Fig. 4 is a schematic block diagram of an encoder 100 for encoding a picture of a video sequence in a video bitstream. The picture comprises a first block of samples, wherein each sample in the first block of samples has sample values associated with at least a luma color component and a chroma color component. The encoder comprises according to this aspect a calculating unit 160, configured to calculate a quantization parameter for at least one color component in the first block of samples based on statistics calculated from the sample values from at least one color component in a second block of samples. The second block of samples is one of: a previously reconstructed block of samples, reference sample values for the first block of samples and predicted sample values for the first block of samples. The encoder comprises according to this aspect a quantizing unit 170, configured to quantize at least one transform coefficient of a residual for the at least one color component in the first block of samples with the calculated quantization parameter.

The encoder may optionally comprise a sending unit 180, configured to send instructions to a decoder on how to calculate the quantization parameter for the at least one color component in the first block of samples. The calculating 160, quantizing 170 and sending 180 units may be hardware based, software based (in this case they are called calculating, quantizing and sending modules respectively) or may be a combination of hardware and software.

The encoder 100 may be an HEVC encoder or any other state of the art or future video encoder. The calculating unit 160 may calculate a quantization parameter for at least one color component in the first block of samples based on statistics calculated from the sample values from at least one color component in the second block of samples. The second block of samples is one of: a previously reconstructed block of samples, reference sample values for the first block of samples and predicted sample values for the first block of samples. The statistics may be based on at least one of: average, median, minimum, maximum, quantile of previously reconstructed sample values or predicted sample values and color component variation of reconstructed sample values or predicted sample values.

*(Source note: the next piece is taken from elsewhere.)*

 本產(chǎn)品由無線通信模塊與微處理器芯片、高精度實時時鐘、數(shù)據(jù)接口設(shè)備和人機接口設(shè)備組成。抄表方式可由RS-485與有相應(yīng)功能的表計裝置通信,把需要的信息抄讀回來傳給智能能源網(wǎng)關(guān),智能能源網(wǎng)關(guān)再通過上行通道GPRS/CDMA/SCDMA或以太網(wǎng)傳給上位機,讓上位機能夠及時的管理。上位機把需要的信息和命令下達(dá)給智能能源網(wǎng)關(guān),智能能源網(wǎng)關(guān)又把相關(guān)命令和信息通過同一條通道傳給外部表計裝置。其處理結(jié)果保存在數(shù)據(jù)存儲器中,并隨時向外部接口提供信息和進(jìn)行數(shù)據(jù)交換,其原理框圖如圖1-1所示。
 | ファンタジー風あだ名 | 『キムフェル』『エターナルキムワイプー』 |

The calculating unit 160 may further calculate the quantization parameter for the at least one color component in the first block of samples as an average and/or a variation of sample values from at least the same color component in the second block of samples. The second block of samples may be from a reference picture used for inter prediction of the picture in case the first block of samples is inter predicted, or from the same picture as the first block of samples in case the first block of samples is intra predicted.

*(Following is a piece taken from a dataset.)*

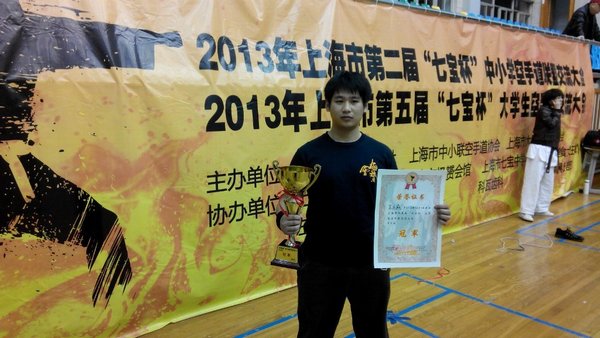 空手道亦称空手,被列入了亚运会竞技项目之一。空手道比赛大致分为型及自由组手两大类。型是以假设的对手为目标,单人进行空手道技术的预定动作表演练习;自由组手即为对打比赛。此次交流大会为本市大学生练习空手道提供了交流学习的平台,旨在通过互相切磋健身技艺,达到自我提升综合素质的目的。我院在空手道社的基础上选拔了由吴立威、包易立、宋佳程、龙昕昕、黄安琪和焦旸6位同学组建参赛队伍,由体育教研室副教授朱雷亚老师担任技术指导并带队出征。在交流大会现场,我院的参赛队员向在场的评委很好地展现了空手道的基本功法,包含踢、打、摔、拿、投、锁、绞、逆技、点穴等多种技术,举手抬足间力道十足,技术运用的速度和技巧恰到好处,让现场观众零距离地感受到了空手道运动的独特魅力。傍晚,2013年上海市第五届“七宝杯”大学生空手道交流大会在夜色中落下了帷幕,经过激烈拼搏,最终吴立威同学荣获大学男子一般组重量级冠军,黄安琪同学荣获大学女子白带组重量级季军,成绩喜人。

The calculating unit 160 may further calculate differently the quantization parameters for the DC component and for the AC components of the transform coefficients, for the at least one color component of the first block of samples obtained after a frequency transform. For example, the quantization parameter for the AC coefficients is calculated from the sample values from the second block of samples and an inversely quantized DC component.

The calculating unit 160 may further calculate quantization parameter for the first block of samples with a higher accuracy than what can be explicitly signaled for a quantization parameter in the video bitstream.

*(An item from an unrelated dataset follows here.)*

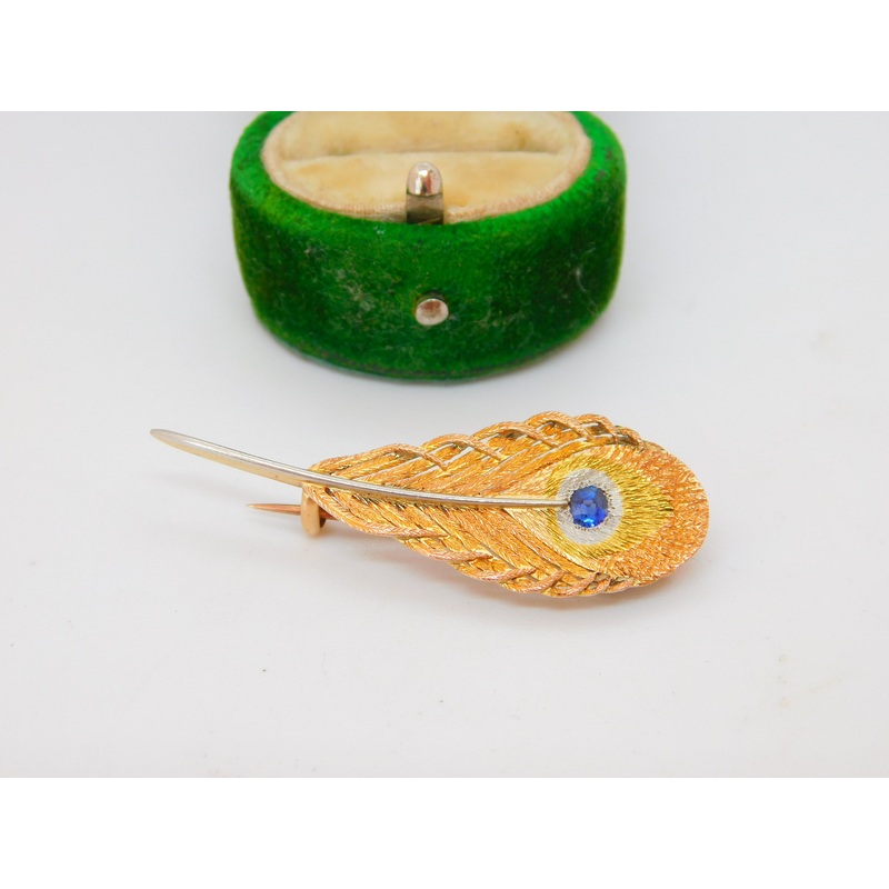 Details: A fantastic and wonderfully designed vintage 18ct tri-colour gold peacock feather brooch set with a central sapphire stone c1980, the gold has been XRF tested as it is unmarked. A charming figurative example. This is a wonderful item that would ma

The calculating unit 160 may further calculate the quantization parameter as a scaling factor for a DC component of the transform coefficients.

The sending unit 180 may signal the instructions on how to calculate the quantization parameter for the at least one color component in the first block of samples in a sequence parameter set, picture parameter set, slice header, slice data etc. The encoder 100 can be implemented in hardware, in software or a combination of hardware and software. The encoder 100 can be implemented in user equipment, such as a mobile telephone, tablet, desktop, netbook, multimedia player, video streaming server, set-top box or computer. The encoder 100 may also be implemented in a network device in the form of or connected to a network node, such as radio base station, in a communication network or system.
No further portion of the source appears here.